Immobility-induced hypercalcaemia is a diagnosis of exclusion for non-PTH mediated hypercalcaemia. The proposed pathophysiology underlying this is uncoupling of bone turnover, with greater deceleration in bone formation and increased resorption.
A 49-year-old Caucasian male with background of splenectomy presented with abdominal pain, purpuric rash and renal impairment secondary to streptococcus septicaemia. He developed purpura fulminans with ischaemic auto-amputation of his limbs. During ICU admission, he was intubated, required nasogastric feeding for two weeks and had a prolonged delirium. His serum calcium rose from normal to 3.12mmol/L at 7 weeks with suppressed PTH of 0.3pmol/L. His confusion and renal function had improved after a short period of intermittent haemodiafiltration. There was no history of malignancy and he was on no predisposing medications.
On examination, he appeared euvolaemic and haemodynamically stable. He was neurologically intact. He had bilateral below knee and hand amputations.

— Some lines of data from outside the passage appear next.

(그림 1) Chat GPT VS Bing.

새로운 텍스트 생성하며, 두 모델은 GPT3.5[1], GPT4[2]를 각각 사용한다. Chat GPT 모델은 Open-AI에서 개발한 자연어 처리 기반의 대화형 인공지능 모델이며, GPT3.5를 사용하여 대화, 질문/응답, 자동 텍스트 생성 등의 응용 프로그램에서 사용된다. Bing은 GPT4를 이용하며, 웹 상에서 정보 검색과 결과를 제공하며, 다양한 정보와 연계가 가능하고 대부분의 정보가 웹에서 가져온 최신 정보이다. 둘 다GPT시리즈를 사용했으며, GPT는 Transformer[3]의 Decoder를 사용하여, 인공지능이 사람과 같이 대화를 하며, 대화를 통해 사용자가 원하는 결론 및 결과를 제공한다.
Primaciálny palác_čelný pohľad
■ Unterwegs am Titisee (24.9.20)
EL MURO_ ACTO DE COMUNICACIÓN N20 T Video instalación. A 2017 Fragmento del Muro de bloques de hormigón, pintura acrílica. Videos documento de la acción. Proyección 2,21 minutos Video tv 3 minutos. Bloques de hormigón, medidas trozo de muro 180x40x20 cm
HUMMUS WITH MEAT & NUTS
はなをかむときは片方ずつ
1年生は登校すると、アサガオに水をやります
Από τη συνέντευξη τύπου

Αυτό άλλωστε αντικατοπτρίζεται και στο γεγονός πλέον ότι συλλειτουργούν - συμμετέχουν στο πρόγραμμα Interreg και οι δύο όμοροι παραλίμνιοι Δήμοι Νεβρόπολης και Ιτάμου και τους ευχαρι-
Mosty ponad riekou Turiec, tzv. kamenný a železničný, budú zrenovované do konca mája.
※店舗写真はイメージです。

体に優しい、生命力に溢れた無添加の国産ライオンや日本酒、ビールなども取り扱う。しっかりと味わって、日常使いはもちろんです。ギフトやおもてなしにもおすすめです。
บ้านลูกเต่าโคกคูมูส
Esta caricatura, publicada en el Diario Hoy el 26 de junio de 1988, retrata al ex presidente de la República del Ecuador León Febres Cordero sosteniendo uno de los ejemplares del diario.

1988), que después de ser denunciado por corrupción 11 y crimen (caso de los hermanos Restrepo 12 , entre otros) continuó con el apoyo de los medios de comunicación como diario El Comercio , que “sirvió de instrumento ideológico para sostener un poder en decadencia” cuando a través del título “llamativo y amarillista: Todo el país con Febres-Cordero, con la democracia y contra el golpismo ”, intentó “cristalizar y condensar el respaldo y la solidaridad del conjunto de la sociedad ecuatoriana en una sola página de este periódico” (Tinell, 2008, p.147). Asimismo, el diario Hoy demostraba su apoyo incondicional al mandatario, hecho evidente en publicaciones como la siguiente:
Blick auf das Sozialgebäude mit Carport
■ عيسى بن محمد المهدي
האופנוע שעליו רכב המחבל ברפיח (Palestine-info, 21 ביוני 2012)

Although he was moved passively, he remained bedbound. He had no lymphadenopathy or focal bony tenderness.
Results included PTH 0.6pmol/L(1.3-7.6), 25-hydroxyvitamin-D 35nmol/L(>50nmol/L), 1,25-hydroxyvitamin-D 19(60-200), electrophoresis showed a polyclonal inflammatory response, serum ACE level 41U/L(30-55), spot calcium:creat was 0.8mmol/mol cr(0-0.4), PTHrP <0.2pmol/L, TSH 4.5mIU/L(0.27-4.2), fT4 16pmol/L(12-25), morning cortisol 230nmol/L, ACTH 12.9pmol/L(<10), urine DPD/Cr 41.1(2.3-5.4). Chest imaging did not reveal hilar lymphadenopathy. Bone scan showed no osteoblastic deposits.

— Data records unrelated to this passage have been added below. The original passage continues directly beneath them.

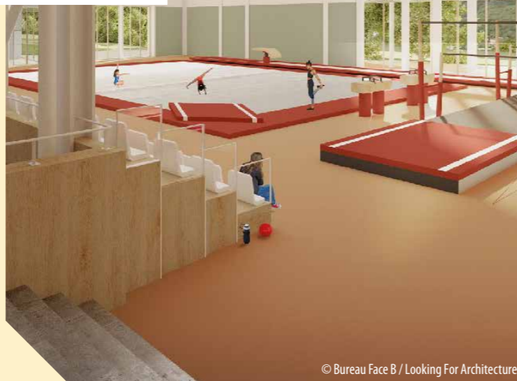
© Bureau Face B / Looking For Architecture

L'équipement comportera une salle multisports et une salle de gymnastique, des vestiaires et des locaux techniques plus adaptés, un plateau sportif extérieur et des aménagements paysagers. Le projet apportera une réponse pérenne en termes d'usages et d'accessibilité , tout en proposant un lieu ludique qui donne envie de pratiquer le sport, aussi bien en intérieur qu'en extérieur. Grâce à un choix de matériaux naturels et minéraux, l'équipement sera mieux intégré à son environnement et plus sobre au plan énergétique.
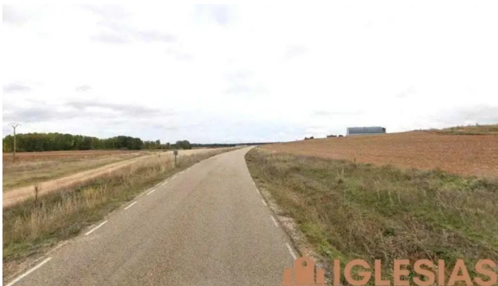
Ermita de san juan almarail
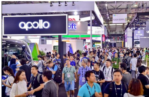
2018年亚洲消费电子展展厅人潮涌动
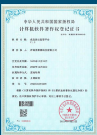
成品油云监管平台
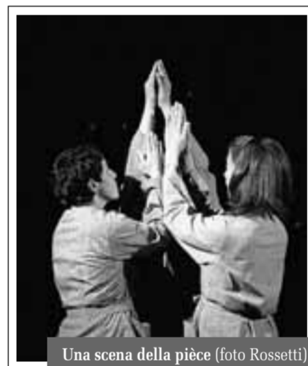
Una scena della pièce (foto Rossetti)

Il risultato segue questo percorso di avvicinamento e apertura. Nello spazio antistante la balaustra della chiesa del monastero di via Locatelli, tre attrici (la stessa Magri, anche regista, con
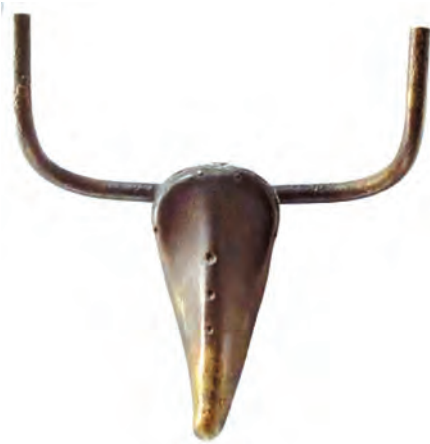
शिल्प : बुल हेड
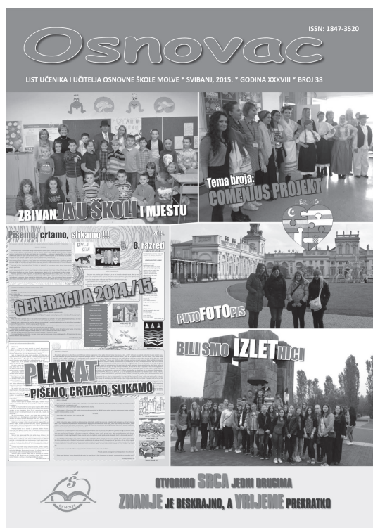
Naslovnica 38. br. Osnovca , svibanj 2015. (gl. urednica – Sofija Paša, 7. a)

Posebna je i posljednja stranica pod nazivom Što rade učenici i učitelji u slobodno vrijeme na kojoj se predstavlja učenik i/ili učitelj sa svojim aktivnostima i uspjesima.
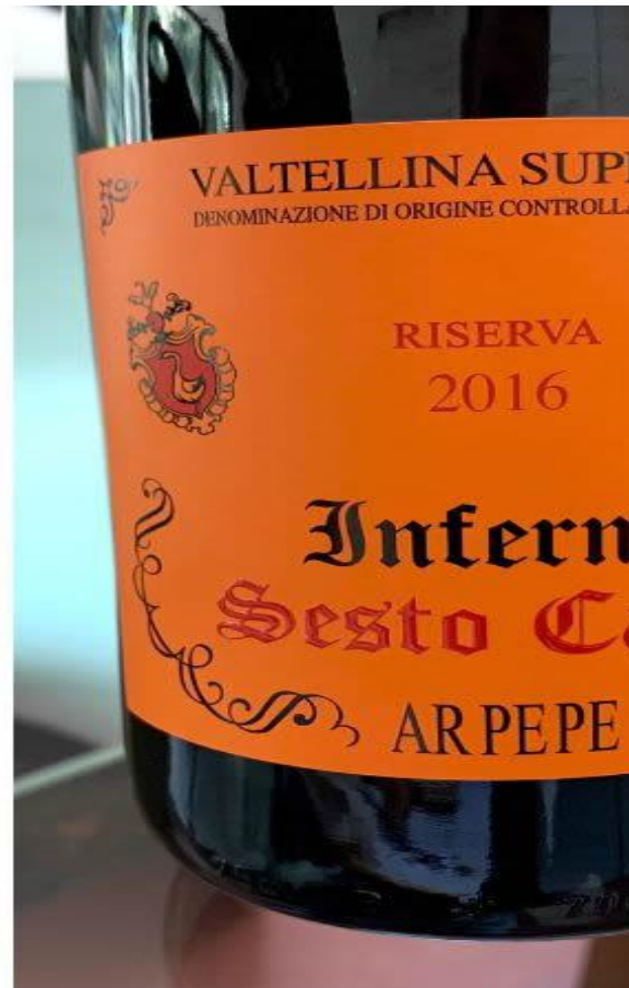
Due etichette Arpepe.

Non meno interessante è il Valtellina Superiore Sassella Riserva “Ultimi Raggi” DOCG 2016 , la cui prima annata risale al 1999 – gli ultimi raggi del secolo, appunto. Un vino ottenuto a partire da uve surmature, raccolte nel mese di Novembre in zona Sassella a 600 metri d’altitudine. A questo punto dell’anno, le viti hanno già perso parte del proprio fogliame mentre gli acini presentano una buccia ispessita e una polpa particolarmente zuccherina, grazie alla lenta disidratazione. Una scelta, quella della vendemmia tardiva, che conduce ad un bouquet dai “toni caldi”, di frutta matura e spezie dolci: dalla ciliegia alla prugna, fino alla stecca di cannella. Aromi intriganti, che anticipano un sorso giocato sulle rotondità, con una trama tannica finissima – merito anche del lungo affinamento, che raggiunge quasi i 3 anni.

A provisional diagnosis of immobility-related hypercalcaemia was made. He was given 30mg pamidronate resulting in normalisation of calcium for 81 days. He developed recurrent hypercalcaemia to 2.9mmol/L and bone turnover markers were markedly elevated: P1NP 1100ug/L, CTX 3094ng/L(100-600). 4mg zoledronic acid was then given which resulted in normalisation of serum calcium.

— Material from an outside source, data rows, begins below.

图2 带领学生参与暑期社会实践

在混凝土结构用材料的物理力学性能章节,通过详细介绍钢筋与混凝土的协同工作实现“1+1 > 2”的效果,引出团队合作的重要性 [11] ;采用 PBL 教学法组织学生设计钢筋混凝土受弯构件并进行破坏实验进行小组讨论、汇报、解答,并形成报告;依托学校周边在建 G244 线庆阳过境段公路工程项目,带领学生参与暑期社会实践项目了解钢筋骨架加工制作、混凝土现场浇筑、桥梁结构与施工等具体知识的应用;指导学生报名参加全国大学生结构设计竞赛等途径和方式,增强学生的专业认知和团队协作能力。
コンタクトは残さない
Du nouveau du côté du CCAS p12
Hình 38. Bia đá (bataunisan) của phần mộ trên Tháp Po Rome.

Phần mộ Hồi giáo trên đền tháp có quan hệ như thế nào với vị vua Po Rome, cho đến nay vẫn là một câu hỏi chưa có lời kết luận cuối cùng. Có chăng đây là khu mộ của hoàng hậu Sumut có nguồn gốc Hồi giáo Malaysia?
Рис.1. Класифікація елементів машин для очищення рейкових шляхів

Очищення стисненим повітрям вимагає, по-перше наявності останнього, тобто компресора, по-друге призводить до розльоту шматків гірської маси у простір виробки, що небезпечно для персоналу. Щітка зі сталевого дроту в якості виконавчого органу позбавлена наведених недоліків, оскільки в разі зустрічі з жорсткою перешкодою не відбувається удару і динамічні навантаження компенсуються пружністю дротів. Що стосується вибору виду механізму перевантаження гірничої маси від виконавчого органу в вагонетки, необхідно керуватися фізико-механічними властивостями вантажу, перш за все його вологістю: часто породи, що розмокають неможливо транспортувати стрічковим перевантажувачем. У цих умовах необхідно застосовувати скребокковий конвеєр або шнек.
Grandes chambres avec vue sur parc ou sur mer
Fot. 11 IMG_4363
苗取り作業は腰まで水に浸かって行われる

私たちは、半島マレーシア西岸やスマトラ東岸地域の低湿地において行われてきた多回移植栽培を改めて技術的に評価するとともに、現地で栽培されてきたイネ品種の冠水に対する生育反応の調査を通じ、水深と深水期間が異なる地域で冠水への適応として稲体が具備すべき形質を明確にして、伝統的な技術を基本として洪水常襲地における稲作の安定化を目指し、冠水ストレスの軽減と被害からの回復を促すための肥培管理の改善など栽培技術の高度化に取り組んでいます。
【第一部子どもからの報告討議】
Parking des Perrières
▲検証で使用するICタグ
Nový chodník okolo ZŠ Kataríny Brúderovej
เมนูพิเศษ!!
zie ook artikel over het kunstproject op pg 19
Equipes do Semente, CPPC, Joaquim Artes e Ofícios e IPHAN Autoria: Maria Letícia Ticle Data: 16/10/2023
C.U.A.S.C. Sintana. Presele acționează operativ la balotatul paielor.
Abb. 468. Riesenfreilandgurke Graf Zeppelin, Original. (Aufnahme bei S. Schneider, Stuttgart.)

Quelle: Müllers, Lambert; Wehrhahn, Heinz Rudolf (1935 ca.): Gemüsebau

Non-PTH mediated hypercalcaemia due to immobility presents with hypercalciuria and trabecular bone loss due to reduced osteoblast activity. Inflammation and acidity can predispose to increased bone resorption. Fluid and bisphosphonates are common treatments with remobilisation. Denosumab and PTH are potential alternatives.